Chicken’s greatest power is its ability to retain flavor, which is why you should regularly prep your poultry in a savory brine. One such brine being embraced by everyone from Bon Appétit to KFC: pickle juice.
Yes, pickles have seen their share of dubious hype (see: pickle pops and pickle-juice slushies). But pickle-fried chicken has far more nuance. It takes advantage of brining for its culinary properties, while stealing the aromatics of coriander, peppercorn, dill, and fennel. The chicken’s crispy, flaky exterior complements fall-apart meat that holds a salty-sweet delicate flavor. It’s perfect for a hot-summer-night meal, or to make waves at your next barbecue. (It might might even aid in digestion.) Whether you’re a skilled chef in a fancy kitchen, or a hungry homebody with two cutlets and an old jar of pickles, rustling up the perfect PFC is absolutely worth your while.

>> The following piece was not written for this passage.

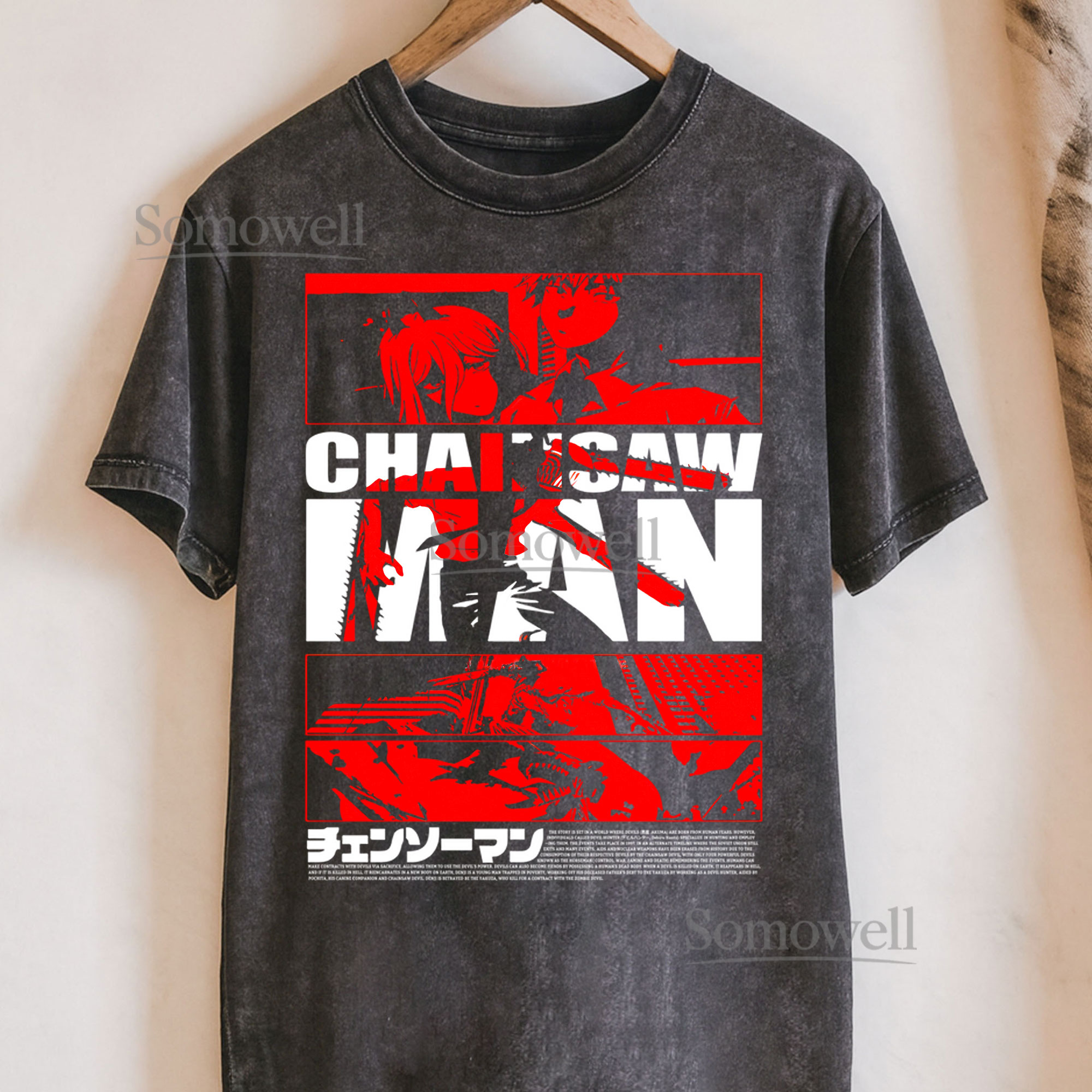 Chainsaw Man Red Black Block Manga Art Anime Graphic ,hoodie sweatshirt t shirt vintage Japanese Streetwear T Shirt

Before you buy a jar of pickles just for their jus, consider making some yourself. It’s quick, your pickles will taste better, and you’ll have your own homemade ones to eat with the chicken. Here’s a recipe I use to pickle kirby cucumbers.
Place your washed cucumbers in a food-safe container—the count doesn’t matter, just however many can fit inside. (I used a two-quart glass jar and was able to fit six kirbys in there comfortably.) Whisk all the ingredients from above in a bowl until the salt is fully incorporated. Pour your brine into your jar, filling it up until the cucumbers are completely submerged.
Let them sit together overnight. They’ll reach peak crispness around the three- to four-day mark, but will also taste pretty good after a few hours if you’re in a rush.
No time for all that? No problem. Pickling juices come in two main forms: fermented and salt-and-vinegar. Both work for preserving vegetables, but only the latter will do when it comes to brining chicken for frying. Fortunately, most store-bought pickles are of the salt-and-vinegar variety.
Now for the chicken-frying. You can fry your chicken however you’re comfortable, but I personally go with a buttermilk fry (plus bits of saltines in the dry ingredients) for a golden crispy exterior. For that you’ll need:
Whether you made your pickle juice or got it at the store, you’ll need to soak your chicken thighs in the solution. For less mess, I pour the brine into a pitcher or mixing bowl, and place my chicken into the newly vacated container. Once the meat’s in the jar, pour your juice back in. If you can, let it sit overnight or at a minimum of two hours.
Set aside two mixing bowls; fill one with the buttermilk and the other with the dry ingredients. Dunk the chicken into the buttermilk and then dredge it with the dry ingredients.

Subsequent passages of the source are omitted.